With modern volumetric scanning and high-quality sagittal reformats relatively good views of the foramen magnum and tonsils can be achieved although the intrinsic lack of contrast (compared to MRI) makes accurate assessment difficult. More frequently the diagnosis is suspected on axial images where the medulla is embraced by the tonsils and little if any CSF is present. This is referred to as a crowded foramen magnum.

MRI is the imaging modality of choice. On sagittal imaging, the best plane for assessing for the presence of Chiari I malformations, the tonsils are pointed, rather than rounded and referred to as peg-like. The sulci are vertically oriented, forming so-called sergeant stripes. Axial images through the foramen show crowding of the medulla by the tonsils.

The degree of tonsillar descent is determined by first drawing a line from the basion to the opisthion (anterior margin to the posterior margin of the foramen magnum); this defines the plane of the foramen magnum. 

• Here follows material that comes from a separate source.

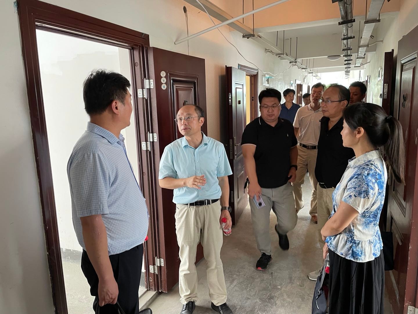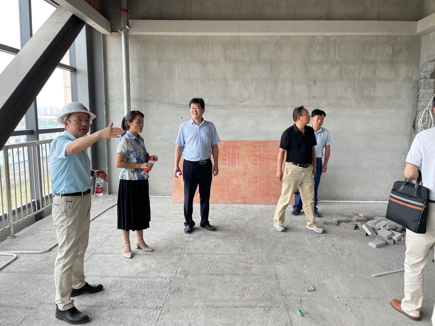 汪兴国一行参观考察了学校位于襄阳科技城二期园区教学科研场地和师生宿舍,在做好安全准备工作后,考察队伍进入正在紧张作业的施工现场,襄阳基地主任汤德强向来访人员实地详细介绍了教学场地的功能布局和工程进展情况。

A measurement is then drawn perpendicular to this plan between it and the tip of the cerebellar tonsils, either in the midsagittal image or an adjacent parasagittal image, wherever the tonsils are most low lying 10,11

See cerebellar tonsillar position article for more details. 

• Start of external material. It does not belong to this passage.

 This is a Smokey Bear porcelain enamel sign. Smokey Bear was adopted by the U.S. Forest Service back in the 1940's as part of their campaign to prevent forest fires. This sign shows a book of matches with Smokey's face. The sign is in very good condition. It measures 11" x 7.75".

Spinal cord MRI should be recommended as a syrinx may be seen if progressively enlarging or associated with symptoms may be an indication for surgical intervention 5

CSF flow studies may also be useful to assess the flow surrounding the cervicomedullary junction.

Importantly, features of intracranial hypertension and craniospinal hypotension should be sought to ensure that cerebellar tonsillar ectopia is not secondary to abnormal intracranial pressure (and therefore not a true Chiari I malformation) 7,8

Treatment is a surgical posterior fossa decompression and is usually reserved for symptomatic patients (e.g. strain or cough related headaches) or those with a syrinx.

How the posterior fossa decompression is carried out varies but can include a combination of the following: by removing part of the occipital bone and posterior arch of C1, performing a duroplasty, dividing arachnoid adhesions and bands, opening the forth ventricle and resecting part of the tonils 15.

Successful decompression not only results in symptomatic relief but reduces tonsilar ectopia, reduces the size of the syrinx and restores CSF flow around the cervicomedullary junction 15.

It was first described in 1891 by Hans Chiari (1851-1916), an Austrian pathologist, based on the autopsies of children.

Imaging differential considerations include:

Distinguishing Chiari I malformation for pseudotumor cerebri is particularly important as treatment with a posterior fossa decompression can result in poor outcomes 5. Examination for features of intracranial hypertension is therefore crucial.